Medical Cards – How a crisis turned into a PR disaster
Published by Ronnie Simpson October 23rd, 2008 in General PRI had a meeting in town on Tuesday morning so after it wandered by Leinster House to view the reaction of the elderly to the Government’s increase in income thresholds for medical cards which they had announced the previous day.
I saw two girls aged about 8 and 9 with home made placards saying “Don’t mug my Gran”. I passed an elderly lady who had collapsed and for whom the Garda were calling up an ambulance. I felt ashamed, that as a society, we had caused such stress that these elderly felt the need to travel from all parts of the country to march the streets.
And let me be clear. I do have some sympathy with the principle of what the Government was trying to achieve. I’m not sure the taxpayer should be funding the Viagra of Hugh Hefner type multi-millionaires. But the targeting and delivery of the Government action bore all the precision of a US bombing raid with unacceptable collateral damage.
Text book crisis management suggests that organisations can not only regain but enhance their reputation in a disaster if they respond correctly but the increase in thresholds announced on Tuesday was too little, too late. When you have razed the building to the ground with severe casualties, apologising that your communications system was a bit wonky and offering to rebuild 95% of the structure has little impact.

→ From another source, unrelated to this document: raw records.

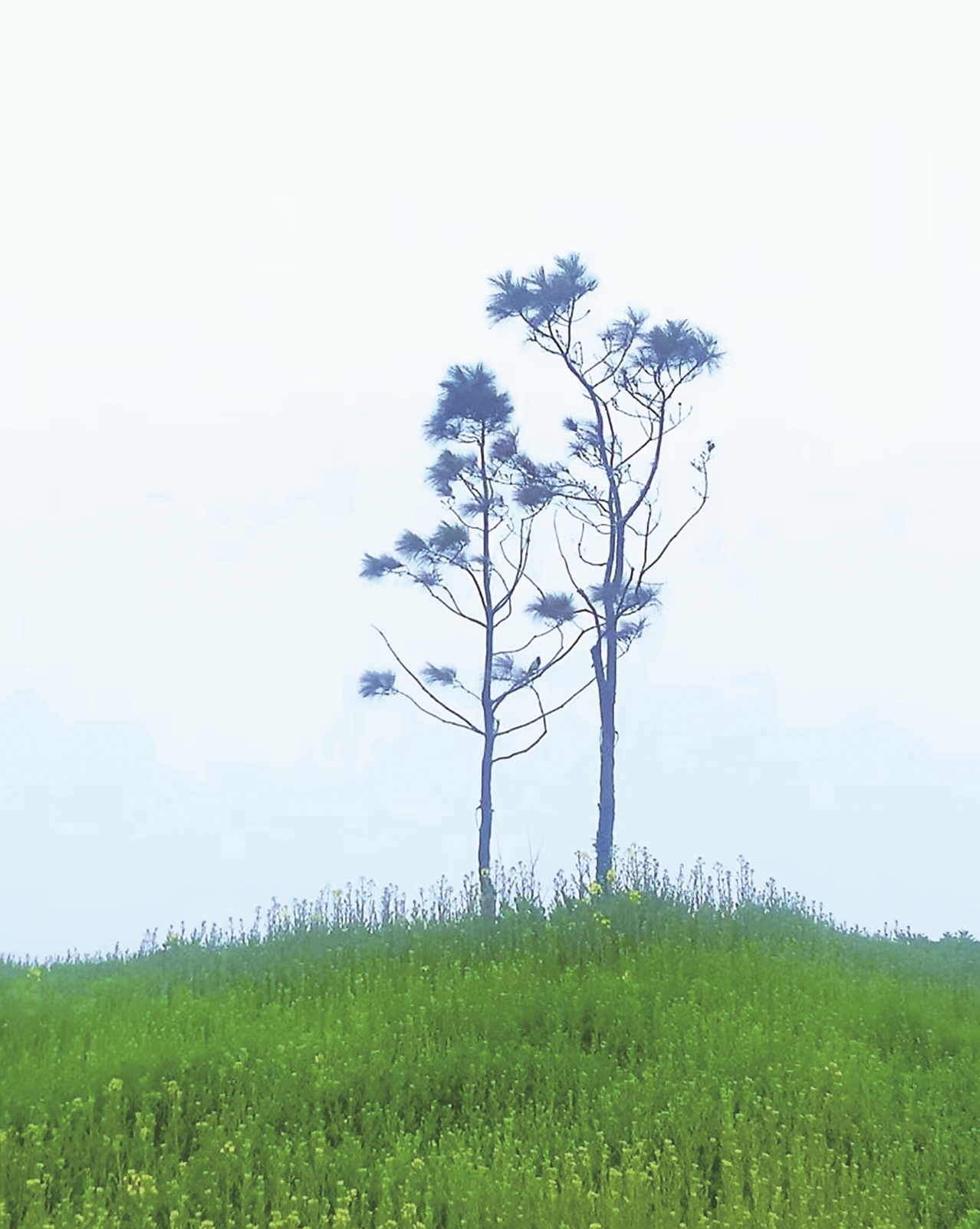 我独自乘车去往未知的远方。倚窗而坐,人看起来很安静,心却为窗外如画的风景暗自翻涌。连绵的山,屏风似的山,离得那么近,起伏的山丘铺满绿茵,上面缀有黑的牛、白的羊,它们有的悠然慢走,有的呆立不动。那些白羊啊,白得就像从天上落下来的云团。而那些黑牛呢,简直黑得像乡下的灶台大锅底。小时候看见奶奶每过一段时间,就要把家里两口大锅从灶台上端出来,拎到屋后桥头,哐哐哐地铲掉一层草木灰。近前,一棵接着一棵开满水色春花的古树,恍恍惚惚地擦窗闪过,不断闪过。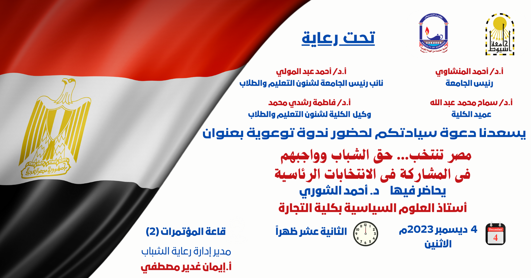 Under the patronage of Professor Dr. Ahmed Al-Minshawy, President of the University, Professor Dr. Samah Muhammad Abdullah, Dean of the College, Professor Dr. Fatima Rushdi Muhammad, Vice Dean of the College for Education and Student Affairs, Mr. Iman Ghadeer Mustafa, Secretary-General of the College, the Department Heads, the Director of Departments, and representatives from the students of the four teams participated in the symposium activities. Awareness (Egypt elects) to enhance the culture of political participation for young people, as the symposium comes within the framework of the university’s keenness to spread political awareness and enhance participation in electoral elections.
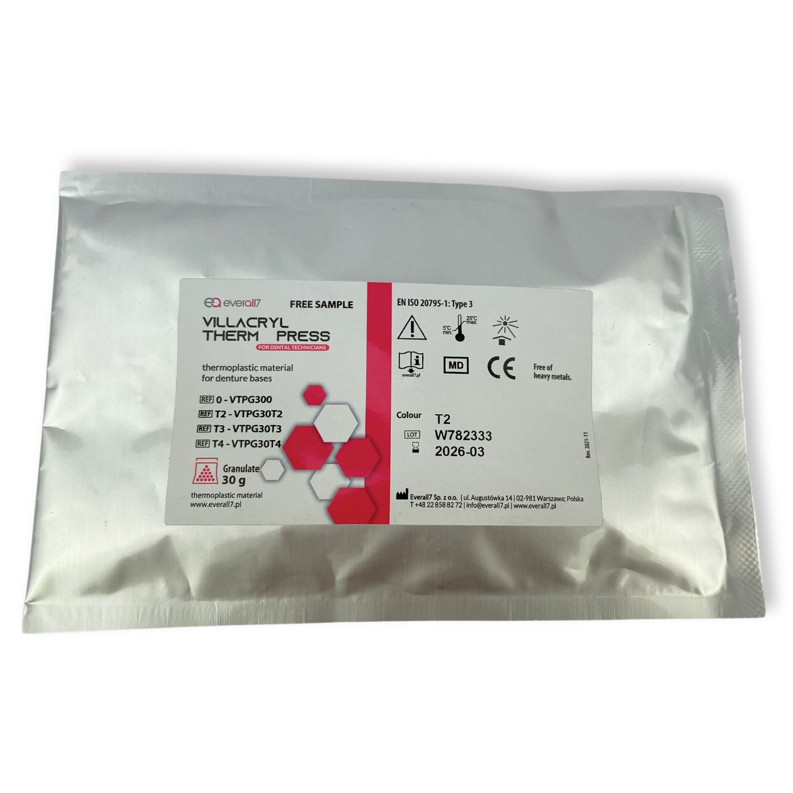 Безкоштовний пробник Villacryl Thermo Press, термопластичний матеріал для виготовлення повних протезів 30г

The textbook response would have been for the Government to come out with their hands up, admit they made a mistake and apologise for the worry they have caused. They might have got away with the move if they had announced the new thresholds straight off on Budget day. By Tuesday the only option was to admit the mistake, apologise, scrap the removal of medical cards and raise the money from a less vulnerable group.
Also the new threshold is not targeting millionaires but middle classes who were able to save for a small occupational pension. The revised threshold should have been taxable on net not gross income. The prospect of the State conducting a witch-hunt against 70, 80 and 90 years olds who may breach the threshold is unsavoury.

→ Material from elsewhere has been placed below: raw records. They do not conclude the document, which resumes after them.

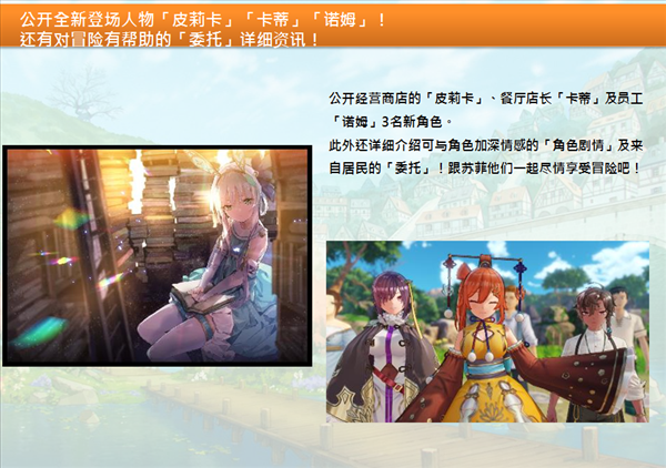 光荣日前公布了《苏菲的炼金工房2 ~不可思议梦的炼金术士~(Atelier Sophie 2: The Alchemist of the Mysterious)》新玩法、角色介绍,包括经营商店的“皮莉卡”、餐厅店长“卡蒂”及员工“诺姆”3名新角色,以及“角色剧情”和居民委托玩法,一起来了解下吧。
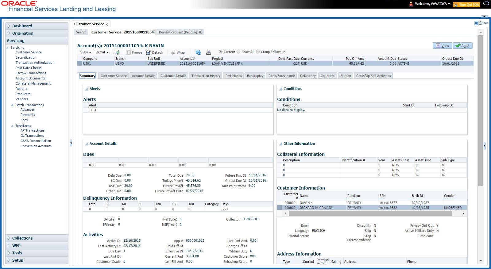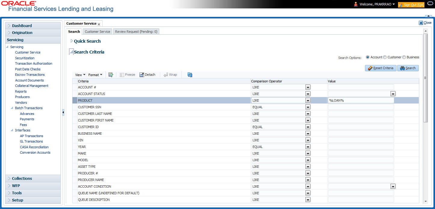 On the Oracle Financial Services Lending and Leasing home screen, click Servicing > Servicing > Customer Service > Search Criteria.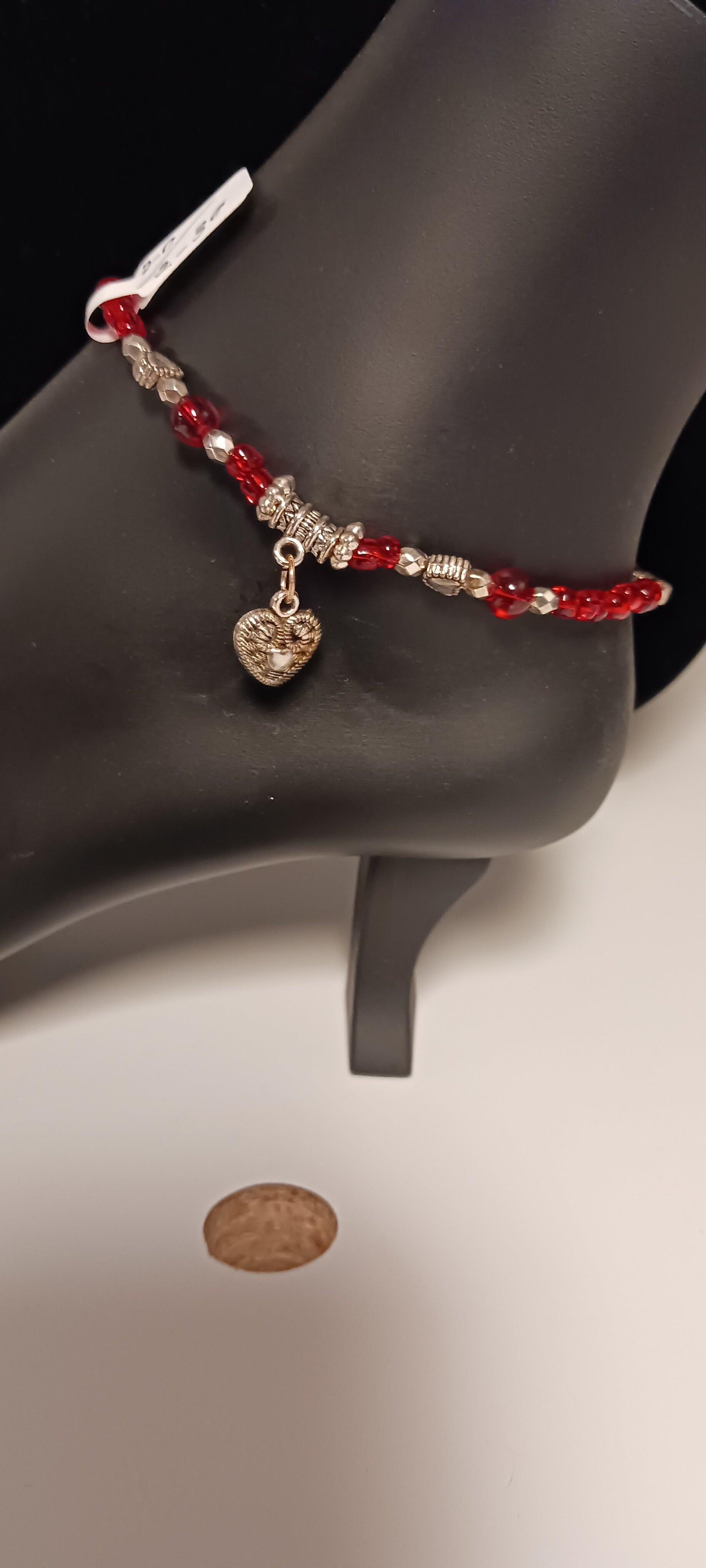 Fire red beaded anklet with scroll heart charm. Approximately 8"
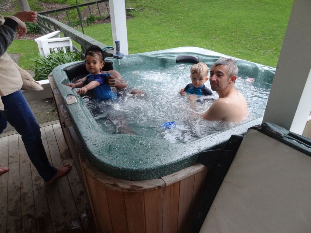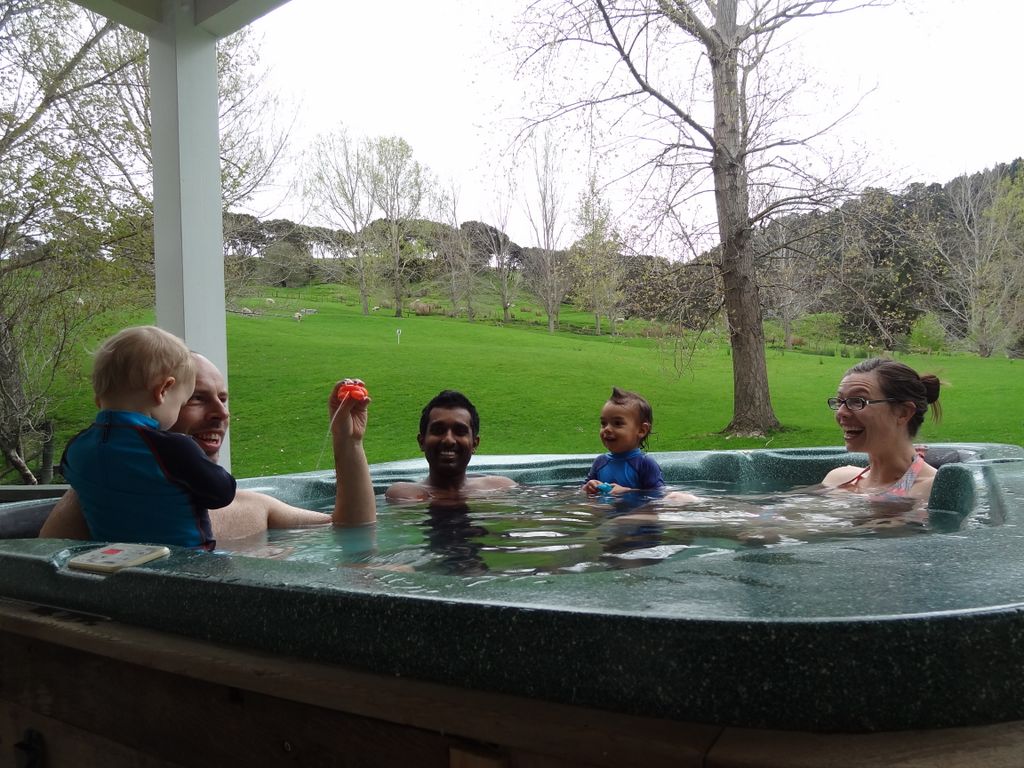 Petit week-end à Tinui, au populaire Poplar cottage de Jane et Kelso, en compagnie de Steph, Ravi et Manu. Le temps n'était pas terrible, alors on a profité de Castlepoint, un petit peu, et du jaccusi, beaucoup!

I am very surprised that Fianna Fail’s usually impeccable public relations antenna failed to operate on this occasion. The big PR problem with medical cards is that they gave and then removed the benefit. Never in budgetary history was so much pain caused to so many by so few.
I am even more surprised that Fianna Fail’s political survival skills deserted them. From an economic point of view the desirable principle of not applying the benefit to the very wealthy has also been damaged if not destroyed.
Backbenchers and councillors are right to be worried. It could well be that the medical cards issue has handed the next election on a plate to the opposition. There is some irony that an issue designed to help win an election could lose them the next as opposition parties can now offer universal medical cards as a central plank of their manifestoes. Fianna Fail will be unable to do this as they will be accused of hypocrisy.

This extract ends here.